Потерянный кров
Шрифт:
Она так разволновалась, что забыла даже фонарь задуть, пятилась, держа фонарь перед собой, словно эта капля угасающего света могла остаться там, вместе с ее сердцем, пока она не вернется.
У кладей клевера, спиной к шкафу с инструментом, стоял Кяршис. Видно, пришел за чем-то — за плоскогубцами или молотком, — но не успел взять, как услышал шорох соломы.
Несколько мгновений они смотрели друг на друга; он — разинув рот, с перекошенным от удивления лицом, она — напружинившись в страшном ожидании, словно фонарь и сумка с бутылками превратились в бомбы, которые вот-вот взорвутся.

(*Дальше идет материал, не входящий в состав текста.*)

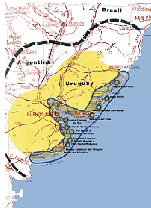
Red de áreas naturales protegidas. Las rutas de los troperos de antaño configuran un gigantesco "Camino del Gaucho" que entrelaza estas áreas naturales y cientos de sitios culturales existentes.

La recuperación de esa cultura configura una gran oportunidad de tipo múltiple para enfrentar los impactos antes descritos, por sus valores intrínsecos y de manejo del medio natural. Con sus grandes atractivos de turismo rural y cultural, y sus potencialidades para recuperar el rol y la función del medio rural y los pequeños asentamientos para un desarrollo sustentable, ofrece una ocasión de cambio hacia un desarrollo más inclusivo y equilibrado.
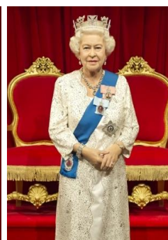
Drottning Elizabeth och Jack Sparrow i vax
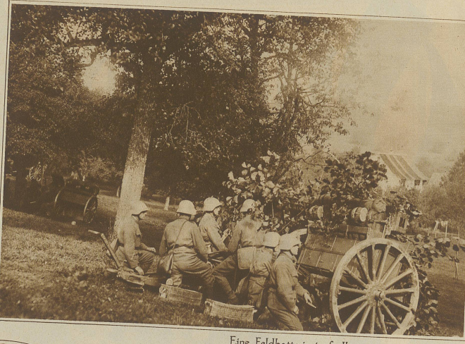
Eine Feldbatterie in Stellung
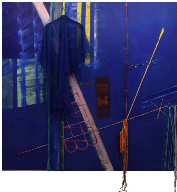
Sophia, 2021, 2 x 2 m, acrylverf, textiel, wol, knopen op canvas

Hoe zeer zij ook –figuurlijk– verweven is met de werken blijkt bijvoorbeeld uit de titels van de doeken: de vrouwen- en mannennamen maken van de doeken personages. Het is aan de toeschouwer om de desbetreffende karakters achter de portretten te ontleden.
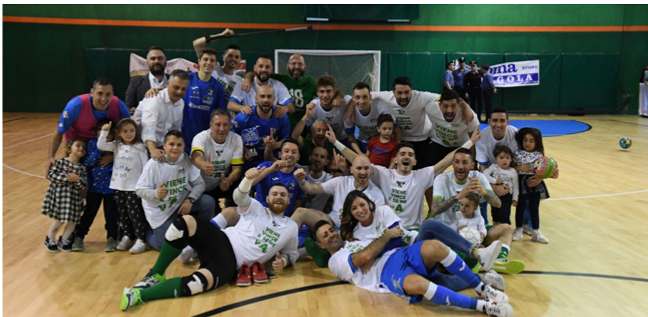
Lesultanza del Sandro Abate promosso in Serie A
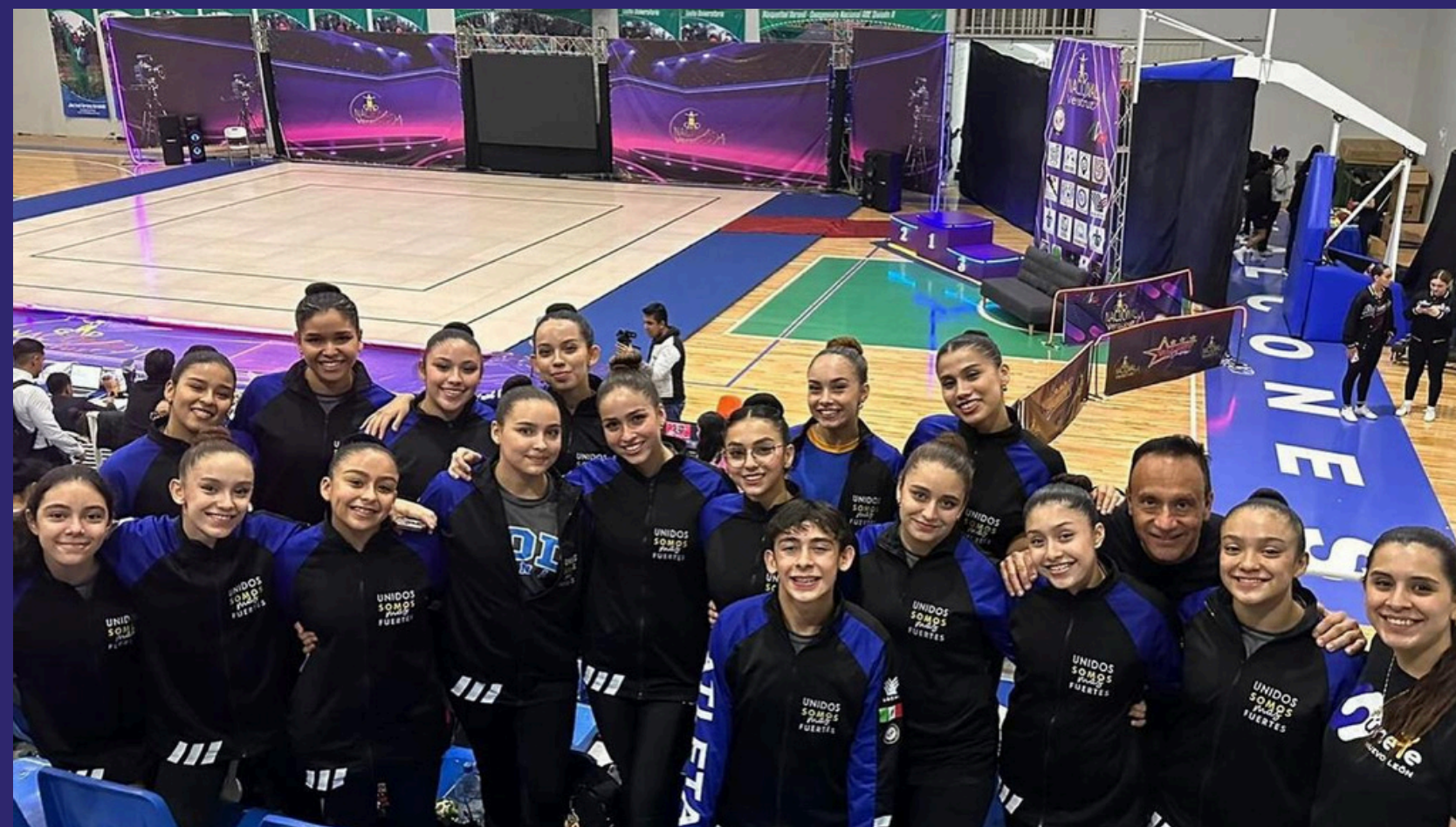
Campeonato Estatal de Gimnasia Artística 2024 gimnasio del Deportivo FUD, en San Pedro
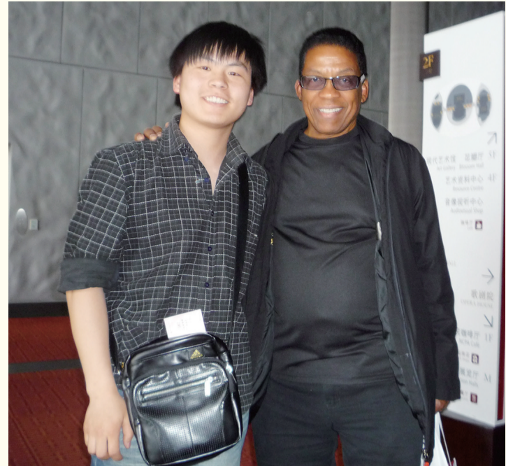
2010年5月10日,笔者与Herbie Hancock合影。

— За яйцами лазила, — первой нашлась она. — Обойду-ка, думаю, чердаки, может, новые гнезда есть. Погляжу-ка
Трясясь от страха — как бы не звякнули бутылки в корзине, — она перебралась к другой стрехе. Надо было переждать, пока уляжется сердцебиение, и спрятать бутылки. Засунула их поглубже в солому. Хотела забраться дальше, понимала, что надо, непременно надо положить в корзину хоть одно яйцо, но знала — не найдет.
Когда, помедлив с минуту, она подошла к лестнице, Кяршис все еще стоял у шкафа. Теперь он держал в руках какую-то железку и внимательно рассматривал ее. Услышав, что Аквиле спускается, шагнул навстречу.

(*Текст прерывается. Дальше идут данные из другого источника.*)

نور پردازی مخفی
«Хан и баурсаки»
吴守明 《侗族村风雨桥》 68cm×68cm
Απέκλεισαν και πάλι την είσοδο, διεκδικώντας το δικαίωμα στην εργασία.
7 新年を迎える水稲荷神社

— Много нашла-то? — приглушенно спросил он и, не дожидаясь ответа, разразился: — И-эх, бабья твоя голова, днем с фонарем! Думаешь, керосин из лужи черпают? Немцы без карточек ни капли не дают, а откуда карточки берутся, скажи на милость? Сколько шерсти, овчинки, льна уже сунули этим нехристям в глотку! Лошади хвост отрезал — и его им подавай. А много накупили за ихние бумажонки? — Кяршис медленным, но широким жестом вырвал фонарь из рук Аквиле и задул. — На хлев ей вздумалось. Будто куры там когда клали. Может, яичко за год и снесут, так стоит ли керосин жечь? Из-за этих кишок в голове у бабы помутилось!
Глава пятая
Марюс быстро поправлялся. По два раза в день — после завтрака и перед ужином — Аквиле приносила ему еду, травяной настой, меняла компресс на ноге, с которой все еще не сходила опухоль, хотя прошла уже неделя с того дня, как миновал кризис. Чтоб не брать фонарь, Аквиле взяла свеклу, срезав хвостик, выдолбила сердцевину, воткнула отлетевший зубец берда, накрошила жира и сделала коптилку. Рядом с гвоздем, на который раньше вешала фонарик, вбила другой и втиснула над постелью доску, один ее конец положив на гвозди, а другой — на решетину крыши. Сюда она ставила свою плошку. Было неудобно — тень доски падала на Марюса, забывшись, Аквиле могла столкнуть доску. В первый вечер так и случилось. Она долго не могла заснуть, боялась — вдруг искорка с фитиля упала на постель или в солому. Опасность пожара пугала ее не меньше, чем немцы. Но она ни словом не обмолвилась об этом Марюсу. Сказала только, что под ним стойло, потолок хлева не дощатый, а жердяной, и хотя соломы в этом месте пяди на две, все-таки сквозь щели проникает немного тепла.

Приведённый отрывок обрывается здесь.